[MLton] WideChar?
Henry Cejtin
henry@sourcelight.com
Wed, 8 Dec 2004 15:48:10 -0600
First, I must agree strongly with Wesley that the whole locale thing in C is
a complete disaster. It is certainly an incredible pain, but much worse than
that is the fact that when ever two processes communicate (either via a file
or over some pipe or socket), they can't count on sharing the same locale.
This means that they won't agree on any important properties.
With regards to strings, I agree that the standard seems very explicit that
you can only include space through tilde in them, but that strikes me as a
real mistake. It means that programs that want to communicate in other
characters are forced to use only the unreadable hex codes for them. Even
disallowing them in variable names is rather strict, but more defendable.
Still, I guess that there isn't much that can be done without trying to get
people to agree to actually updating the official standard.

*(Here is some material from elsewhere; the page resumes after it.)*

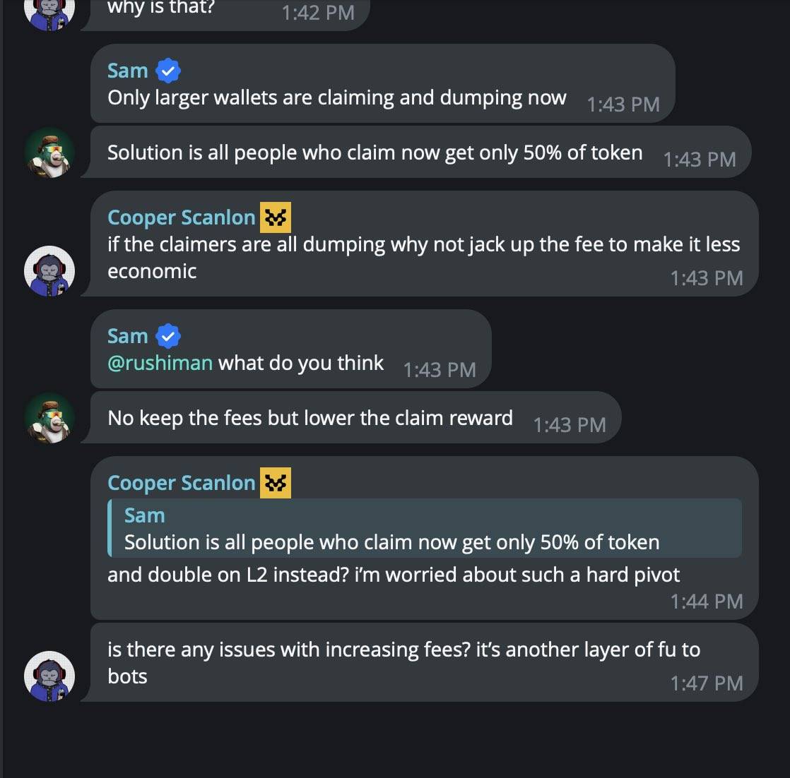 請求プロセス中に、これら 75,000 個のウォレットに問題があることに気づいたとき、私は再度、シビル攻撃 (偽アカウント) によるバンドルと販売の影響を減らすために報酬を償却することを提案しました。しかし、クーパー氏は請求手数料を上げることを選択したため、この75,000ウォレット以外のユーザーはほとんどエアドロップ報酬を請求できなくなりました。

Can't we just dump locales entirely and have narrow chars be ASCII (or ISO-
Latin-1) and wide chars be straight unicode with all external stuff in UTF-8?
With regard to the question on Int.scan not needing to handle wide chars, it
seems to me that your suggestion would be that I would have to use
<convert from char reader to LargeChar reader> (Int.scan StringCvt.DEC)
but that would raise an exception on funny characters instead of returning
NONE.